§ Aim of the exercise: From the line with "厦门一小车停在住房边上 天降大砖块砸瘪引擎盖" to the line with "Description: Guests suit", output every line below exactly, both ends included. Skip the pictures.

§ Exercise inputs:

* * * * *

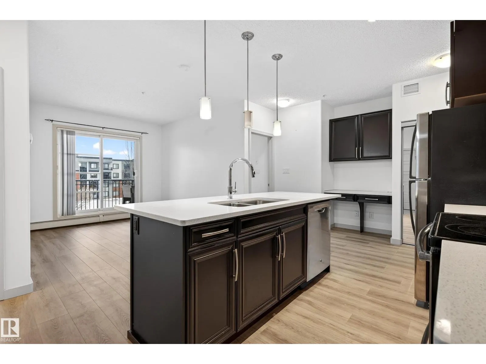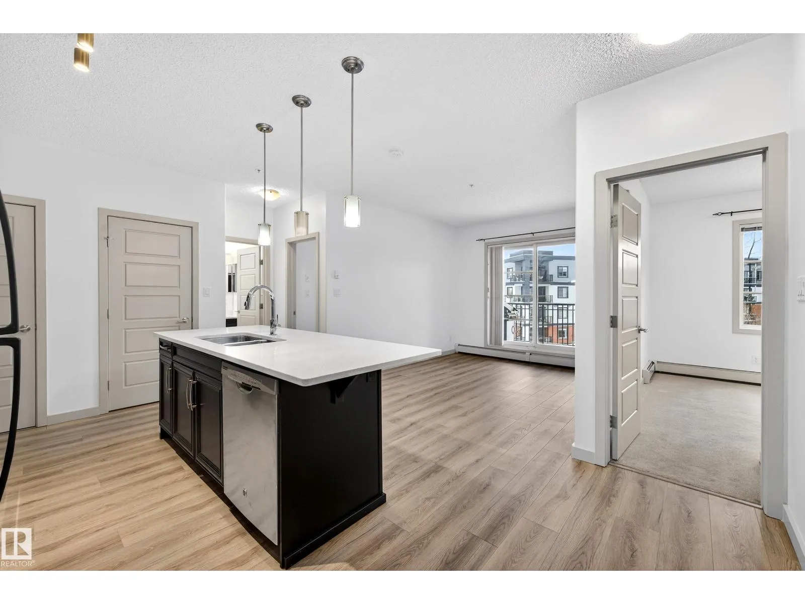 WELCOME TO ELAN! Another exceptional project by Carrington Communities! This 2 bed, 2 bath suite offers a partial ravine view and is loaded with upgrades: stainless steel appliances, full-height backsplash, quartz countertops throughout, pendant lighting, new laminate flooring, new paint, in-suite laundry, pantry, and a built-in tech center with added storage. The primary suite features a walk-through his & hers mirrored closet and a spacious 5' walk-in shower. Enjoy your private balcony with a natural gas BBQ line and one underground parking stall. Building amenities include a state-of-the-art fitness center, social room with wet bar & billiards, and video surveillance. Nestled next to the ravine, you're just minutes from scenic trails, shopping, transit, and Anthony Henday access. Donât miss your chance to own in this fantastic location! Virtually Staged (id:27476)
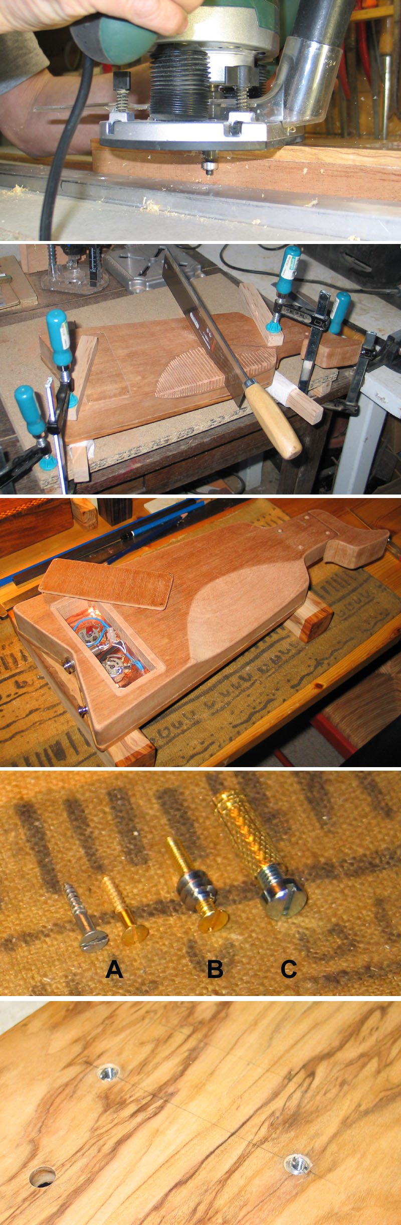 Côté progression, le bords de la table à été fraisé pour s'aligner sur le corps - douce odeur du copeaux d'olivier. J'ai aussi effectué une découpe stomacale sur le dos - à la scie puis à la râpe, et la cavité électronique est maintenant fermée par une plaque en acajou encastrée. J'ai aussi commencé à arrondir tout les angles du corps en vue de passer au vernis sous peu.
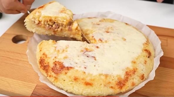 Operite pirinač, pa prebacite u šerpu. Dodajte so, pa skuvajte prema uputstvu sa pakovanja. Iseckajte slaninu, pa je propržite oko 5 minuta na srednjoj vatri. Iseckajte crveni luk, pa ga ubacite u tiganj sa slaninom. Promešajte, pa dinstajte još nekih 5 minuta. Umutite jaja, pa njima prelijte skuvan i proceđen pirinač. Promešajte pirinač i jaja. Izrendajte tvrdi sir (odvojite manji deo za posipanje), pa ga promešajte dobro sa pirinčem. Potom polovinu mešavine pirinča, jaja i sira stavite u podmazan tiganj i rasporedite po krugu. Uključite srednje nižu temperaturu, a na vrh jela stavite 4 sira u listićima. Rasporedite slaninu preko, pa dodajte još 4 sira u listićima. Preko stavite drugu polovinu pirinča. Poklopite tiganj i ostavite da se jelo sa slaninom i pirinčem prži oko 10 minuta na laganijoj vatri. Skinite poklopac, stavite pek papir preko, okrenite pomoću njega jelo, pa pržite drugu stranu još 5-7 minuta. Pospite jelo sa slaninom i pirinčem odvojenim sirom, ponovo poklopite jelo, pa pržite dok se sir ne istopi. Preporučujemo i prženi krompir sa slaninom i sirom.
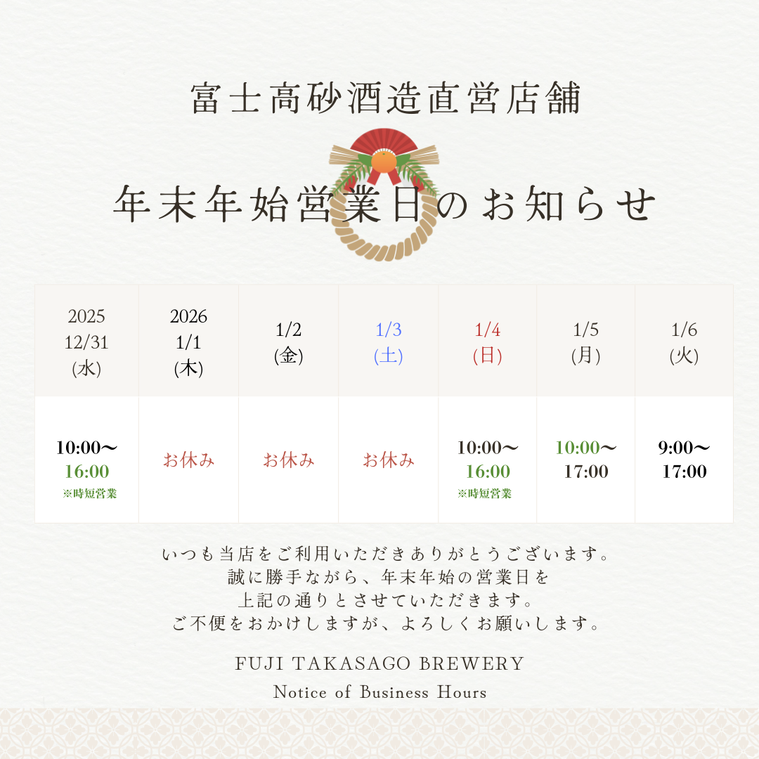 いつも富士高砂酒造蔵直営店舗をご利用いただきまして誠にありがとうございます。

* * * * *

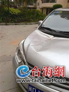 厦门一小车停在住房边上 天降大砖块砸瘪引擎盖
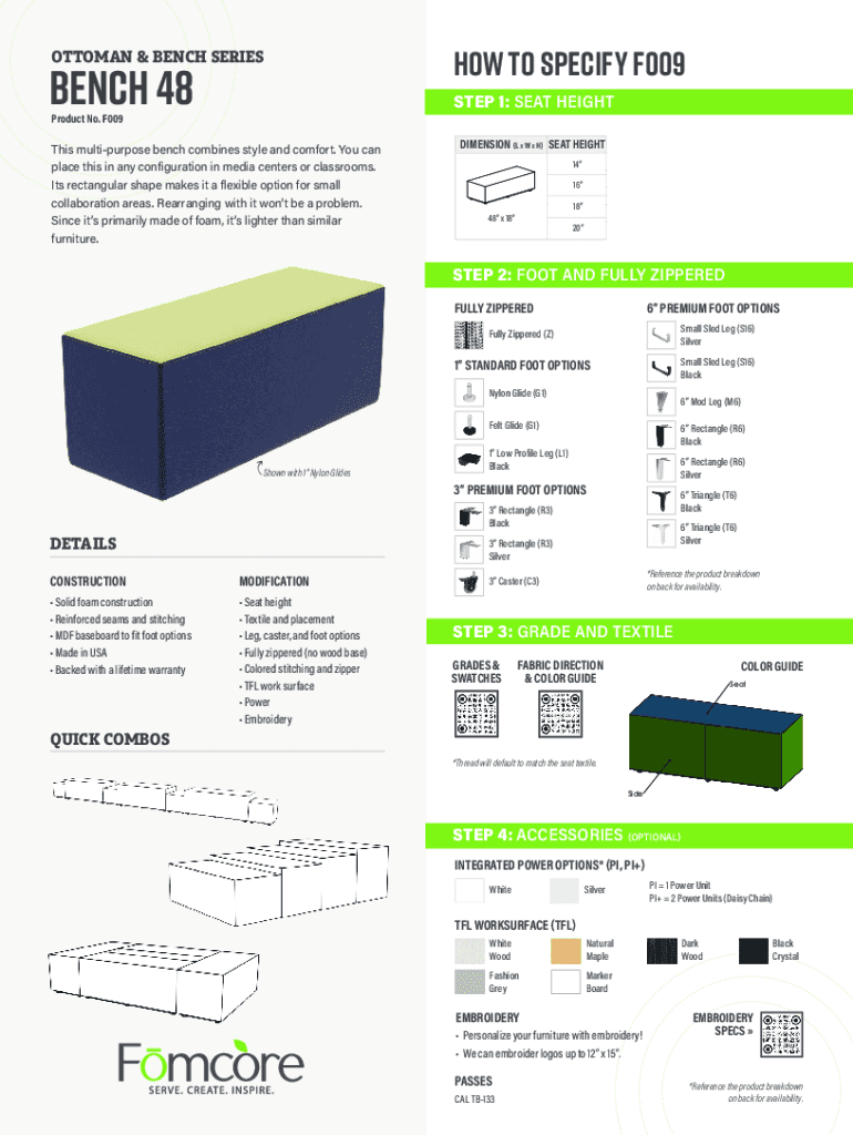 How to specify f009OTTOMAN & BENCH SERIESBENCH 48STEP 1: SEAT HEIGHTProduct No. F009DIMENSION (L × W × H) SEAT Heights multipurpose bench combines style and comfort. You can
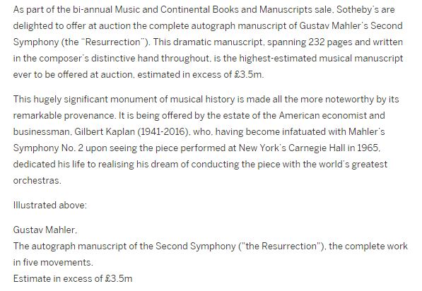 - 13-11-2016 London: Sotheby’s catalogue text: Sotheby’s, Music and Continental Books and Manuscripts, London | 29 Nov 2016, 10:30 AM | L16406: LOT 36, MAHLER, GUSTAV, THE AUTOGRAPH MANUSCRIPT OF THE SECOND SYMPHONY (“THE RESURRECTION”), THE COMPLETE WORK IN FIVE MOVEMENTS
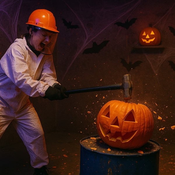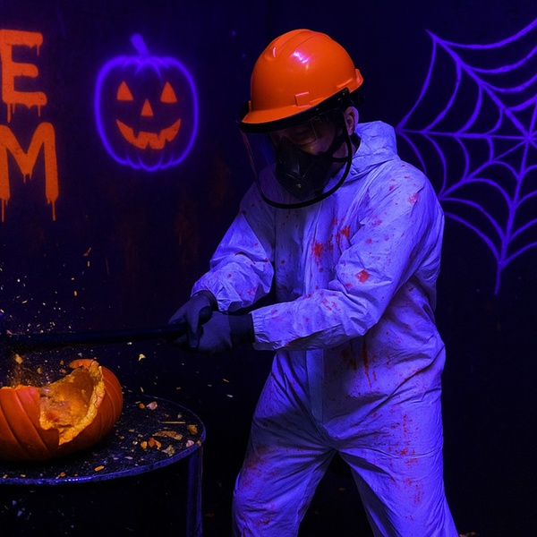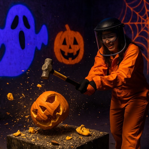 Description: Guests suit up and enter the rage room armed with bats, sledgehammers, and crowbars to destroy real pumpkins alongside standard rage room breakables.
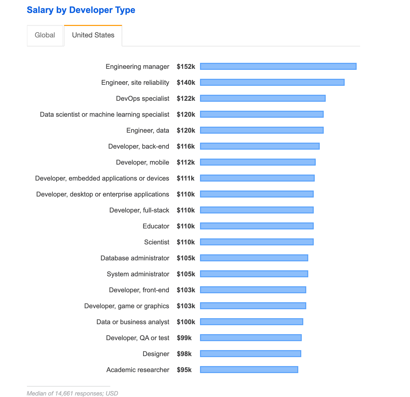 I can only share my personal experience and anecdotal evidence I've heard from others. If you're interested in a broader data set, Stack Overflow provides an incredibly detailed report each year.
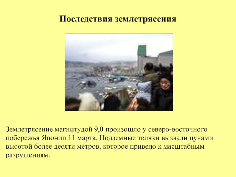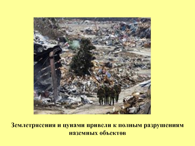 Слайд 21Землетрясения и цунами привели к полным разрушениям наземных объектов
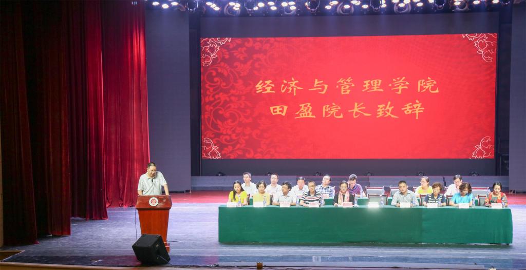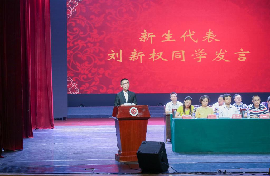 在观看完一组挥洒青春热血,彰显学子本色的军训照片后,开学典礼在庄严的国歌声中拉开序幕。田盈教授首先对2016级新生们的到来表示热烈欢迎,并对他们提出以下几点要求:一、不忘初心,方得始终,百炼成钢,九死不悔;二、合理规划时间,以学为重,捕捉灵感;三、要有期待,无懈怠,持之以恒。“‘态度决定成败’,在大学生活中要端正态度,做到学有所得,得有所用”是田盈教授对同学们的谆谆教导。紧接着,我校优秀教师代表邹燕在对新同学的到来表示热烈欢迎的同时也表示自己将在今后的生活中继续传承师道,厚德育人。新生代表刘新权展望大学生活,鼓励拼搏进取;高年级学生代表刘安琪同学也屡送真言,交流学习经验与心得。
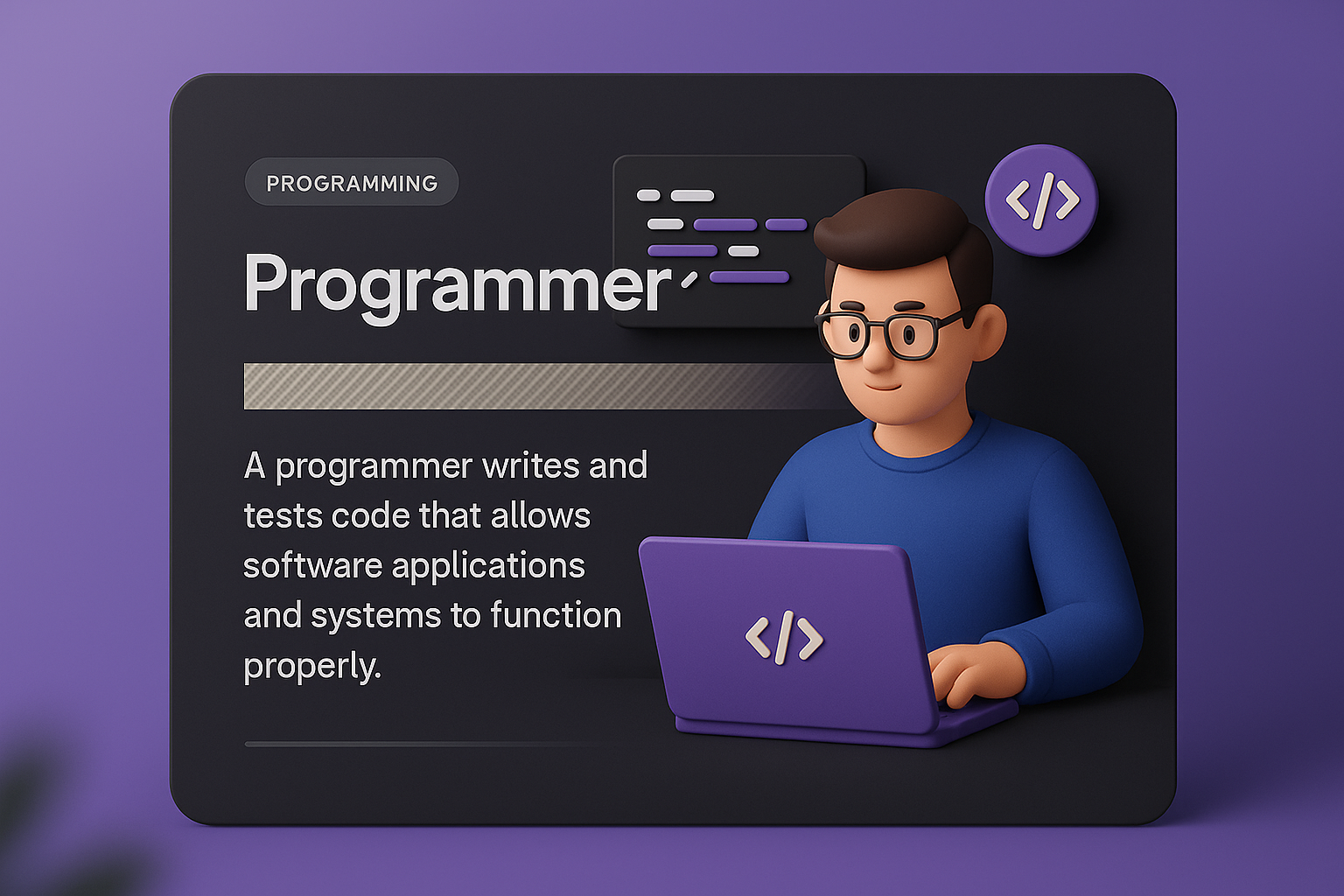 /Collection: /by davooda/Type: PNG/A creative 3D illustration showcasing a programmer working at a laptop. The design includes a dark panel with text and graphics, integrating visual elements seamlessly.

* * * * *

§ Reply:
 厦门一小车停在住房边上 天降大砖块砸瘪引擎盖
 How to specify f009OTTOMAN & BENCH SERIESBENCH 48STEP 1: SEAT HEIGHTProduct No. F009DIMENSION (L × W × H) SEAT Heights multipurpose bench combines style and comfort. You can
 - 13-11-2016 London: Sotheby’s catalogue text: Sotheby’s, Music and Continental Books and Manuscripts, London | 29 Nov 2016, 10:30 AM | L16406: LOT 36, MAHLER, GUSTAV, THE AUTOGRAPH MANUSCRIPT OF THE SECOND SYMPHONY (“THE RESURRECTION”), THE COMPLETE WORK IN FIVE MOVEMENTS
 Description: Guests suit up and enter the rage room armed with bats, sledgehammers, and crowbars to destroy real pumpkins alongside standard rage room breakables.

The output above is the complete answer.